My fondest memories of a child were the night before Christmas. My grandma would call and read me the infamous story and my sister and I would crawl into bed. In the early years we would sleep together, well, lay together and wait anxiously for the sound of sleigh bells and pawing of reindeer hoofs on the roof. We would go into giggle fits and try our hardest to just go to sleep because we knew morning would come a bit sooner that way. However, most Christmas Eves went without a single ounce of shut eye and an early rising the following morning to see what Santa had left us! We woke to dolls, barbies and even new beds one year! We were the luckiest kids in the world and our parents made sure we felt extra special on the most important holiday for a child.
Oh how times have changed! Now with growing families we find ourselves wrapping presents, helping little hands leave out cookies for Santa and praying that they sleep in for one more hour on this exciting morning. The child wonder may have drifted onto the next generation but the magic of the holiday has never faded in our hearts. I seem to notice family traditions a bit more and long for them all year. I tend to want time to tick by a bit slower so I can just go on one more drive around the neighborhood to see all the twinkling lights! The presents under the tree bring so much excitement and joy but not because they are mine but instead of the anticipation of others opening the gifts you put your heart and soul into and seeing them smiling ear to ear when they see the surprise inside! That wonder has never faded from my heart and I hold on to it year after year.

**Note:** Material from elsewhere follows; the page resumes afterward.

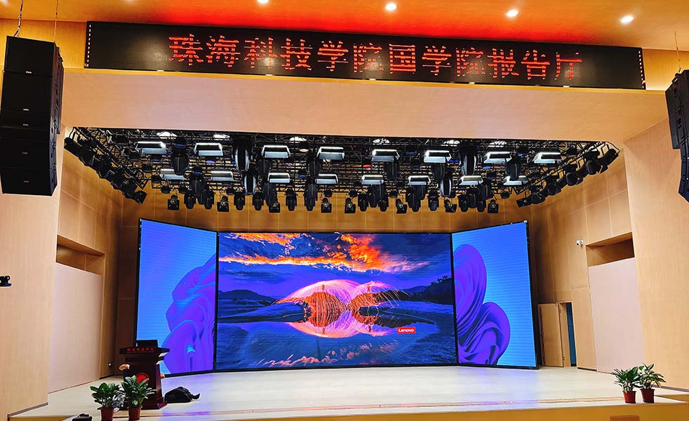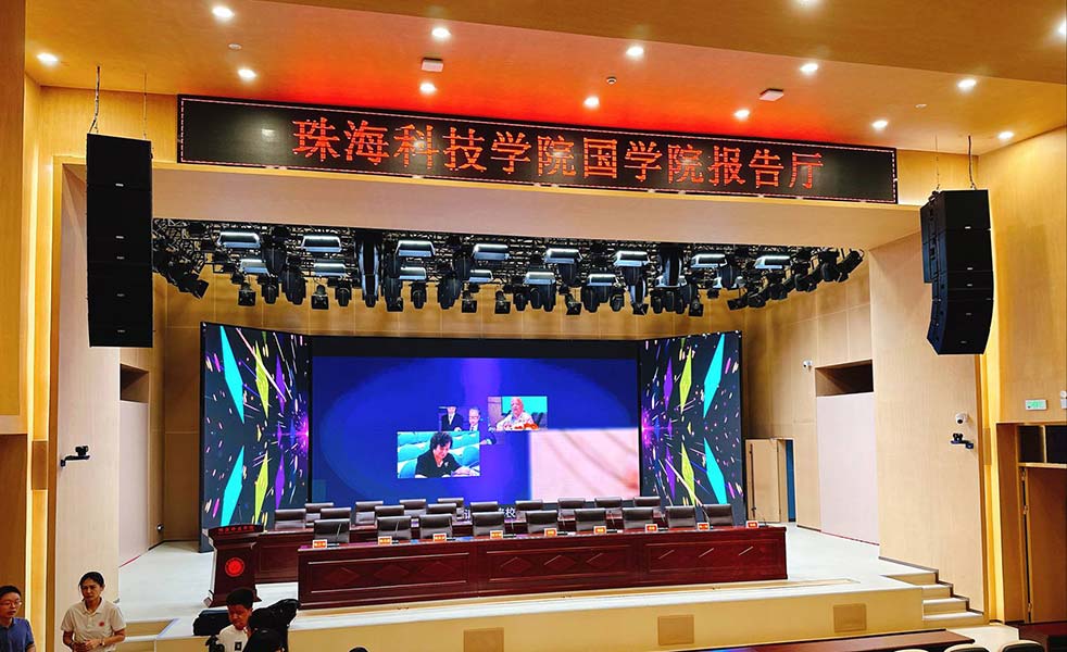 我司為珠海科技學院國學院報告廳提供LED顯示系統、燈光系統、擴聲系統、會議錄播系統、無線數字會議系統、遠程視頻會議系統、無紙化會議系統、電子桌牌、同聲傳譯系統、中控管理系統解決方案。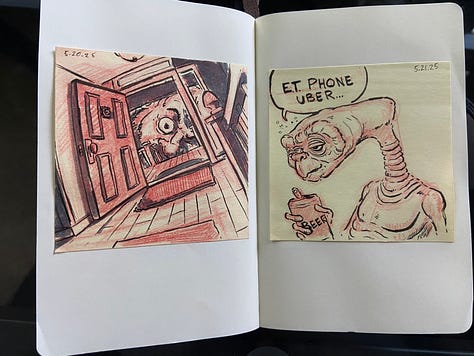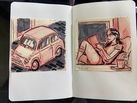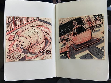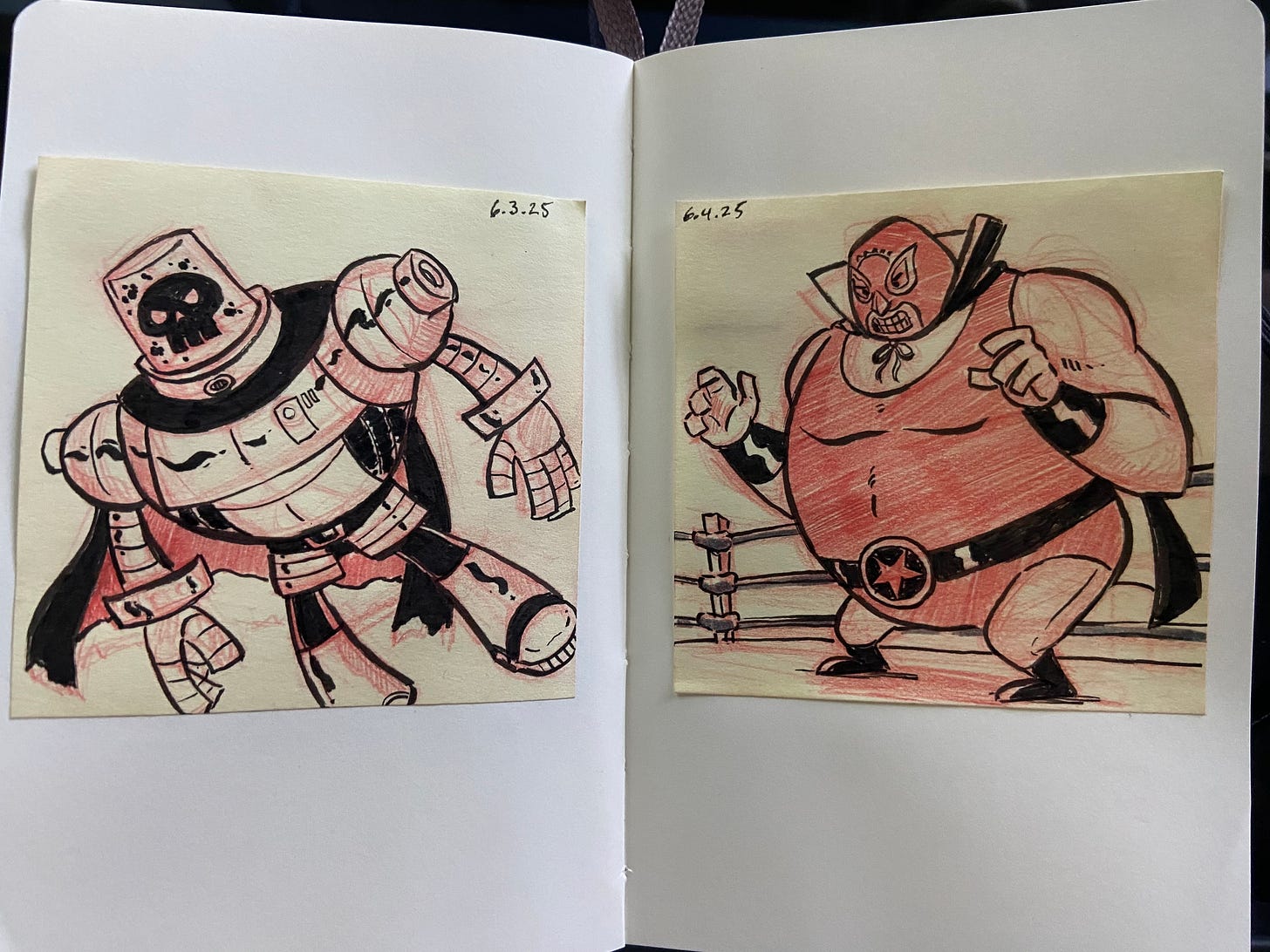 I often surprise myself by what I draw. Some sketches are simple and take only 20 or so minutes. Other days I’m racing against the clock, trying to finish a full scene. Some sketches feel like finished illustrations. Other sketches are sloppy. Many don’t make a lot of sense. But I’ve noticed that they’ve helped spark my imagination as I get into the day’s actual creative work. More importantly, they’re a small island of personal creativity, when so much of my work is public.

This Christmas I find my heart longing for dreams and magic wishes I hope to come true this Christmas morning. My wishes are of finding happiness and contentment in a life that I now call my own. I long for days where pain is relieved physically and emotionally. I look forward to finding acceptance and love not just on Christmas but through out the entire year. I want days to be filled with joy and excitement. I wish that I could make a difference in the world, not just during the holidays but everyday. I would love to leave a path on this earth that my family can continue to explore long after I am gone. I wish that Lupus would take a few more days off and leave me with a much needed vacation from the daily ups and downs one goes through with a chronic condition. I long to turn on the news and hear good tidings and joyous news of love and compassion. I want the world to continue to become a better place so that when I bring my family into it I have faith not only in myself as a parent but in the world as a whole. I want every day to hold a bit of magic that we can all hold on to.
My Christmas wishes can not be wrapped in a box adorned with a bow. You can not touch it or taste it. It is not something you can physically give to me but none the less it is real. I am no longer a child but I still have a heart that continues to hope, dream and believe that all things are possible......especially during this magical time of year. I may be a grown up but after all I can still have my own grown up Christmas wish.